Monday 29 October 2012

Reading Fast and Slow

I see there are quite a few appreciative reviews of A Lost Lady out there in the blogscape - and rightly so. Many of them speak of reading the book at a sitting, or even, in one case, in an hour. Well, it's only 160 pages, but I can't imagine quite how it could be read - properly read - at such a pace. That kind of speed reading is fine for workaday formulaic prose - or indeed for the wodges of verbal Polyfilla that pad out many a contemporary novel - but for writing as subtle and sinuous, as delicately nuanced as Willa Cather's, surely it is not enough. For myself, when I'm reading really good - or just demanding - prose, I habitually sound it in my head as I read, like reading aloud but silently. I think prose of real quality has to be sounded. But what do I know? The rest of the world, it seems, careers through books at a terrifying speed. Take Andrew Marr, who has just published a big History of the World (to go with his all but unwatchable TV series). Marr claims to have read 2,000 books in the process of researching his own.
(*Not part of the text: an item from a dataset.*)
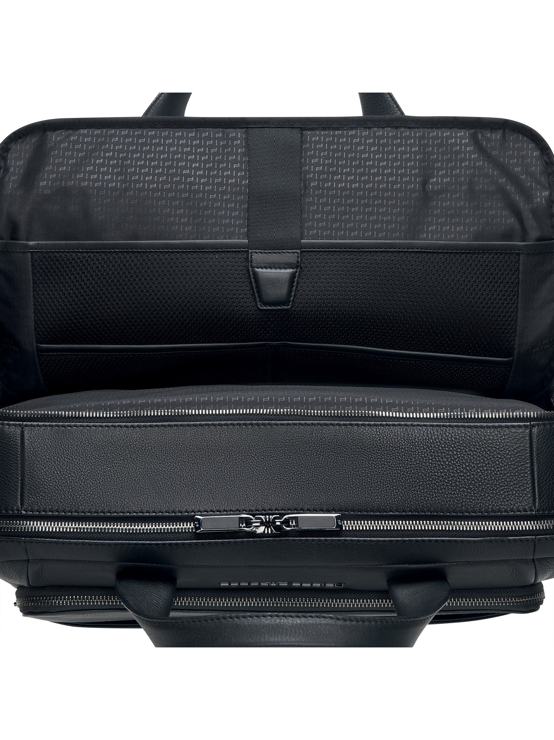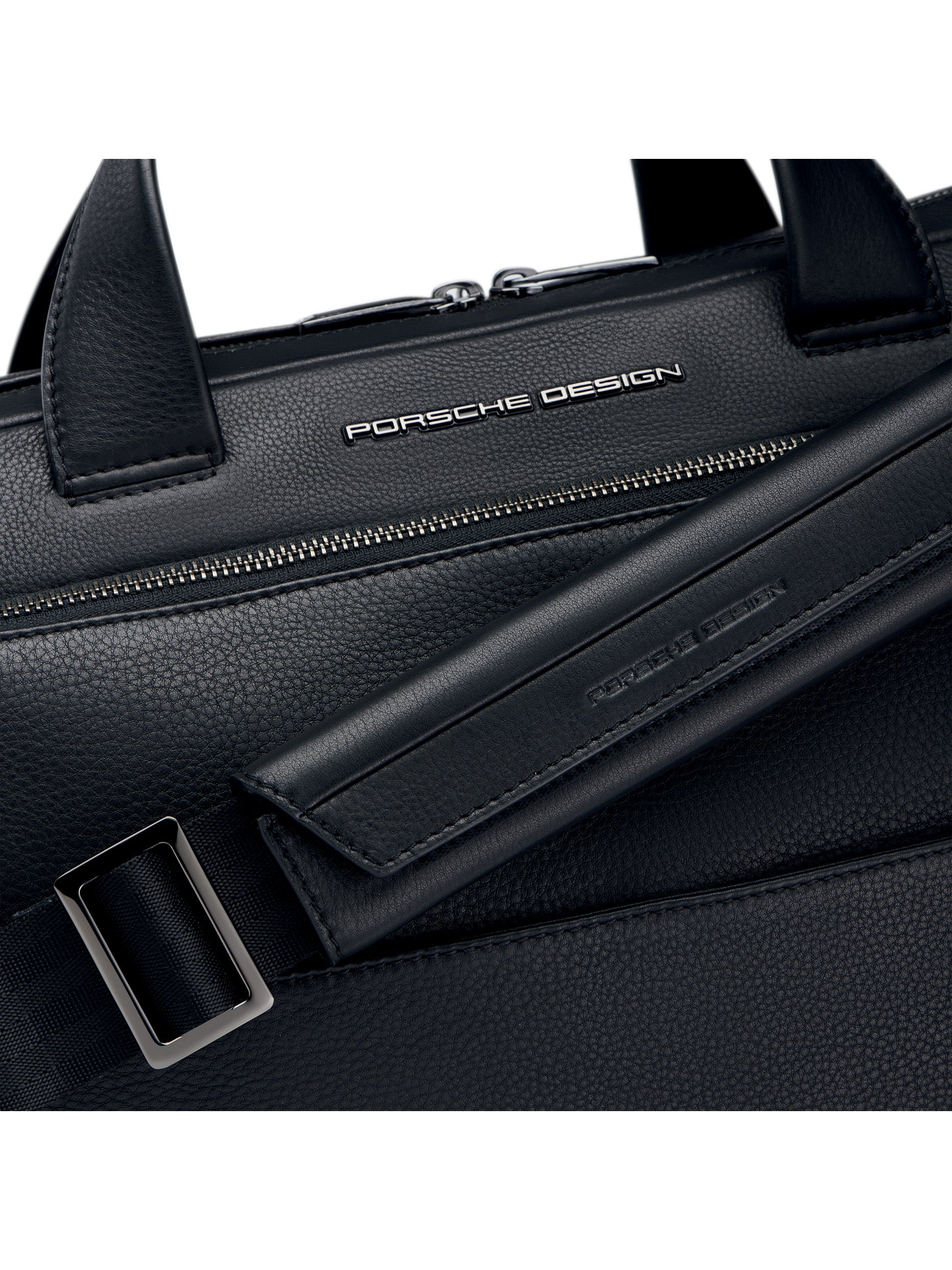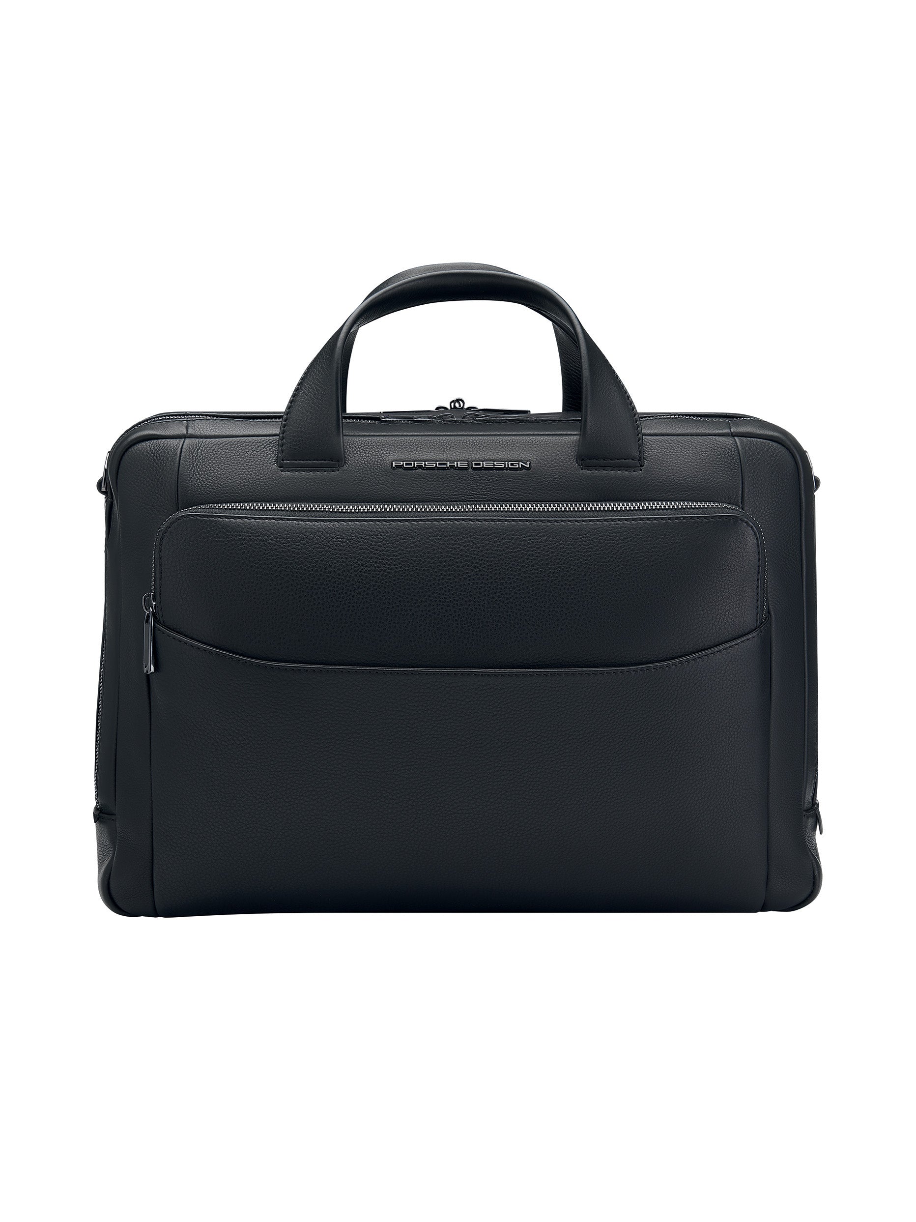 Soft, completely grained calfskin meets perfect amenities: the Porsche Design Roadster Leather collection was designed exclusively for the high demands of business travelers. The spacious Porsche Design Roadster Leather Briefcase M is the ideal briefcase for those who may have to carry along more materials sometimes. Behind the puristic design, just like all bags and backpacks from the series, you will find intelligent equipment full of options and details. The two spacious main compartments have an integrated 17" laptop case and a business organizer with karabiner can be found in the separate front pocket.

This surely is a very loose use of the word 'read'. Think about it - if he managed two a week, in among his many other activities (which include much reading for other purposes), that would be 20 years of reading. Hmmm...
Anyway, I see I'm on The Dabbler today, praising an American sonneteer.

13 comments:

  1. John Miedema: "I decided to undertake a broad literature review on research and concepts about the benefits of slow reading. The results were published in a little book, Slow Reading. Perhaps I should not have been surprised at the warm response. Many of us share a quiet conviction that to read slowly is preferable at times. It is a pleasure when reading for recreation, and an aid to comprehension when studying a complex text. This page is an index of publications, presentations, and press related to slow reading."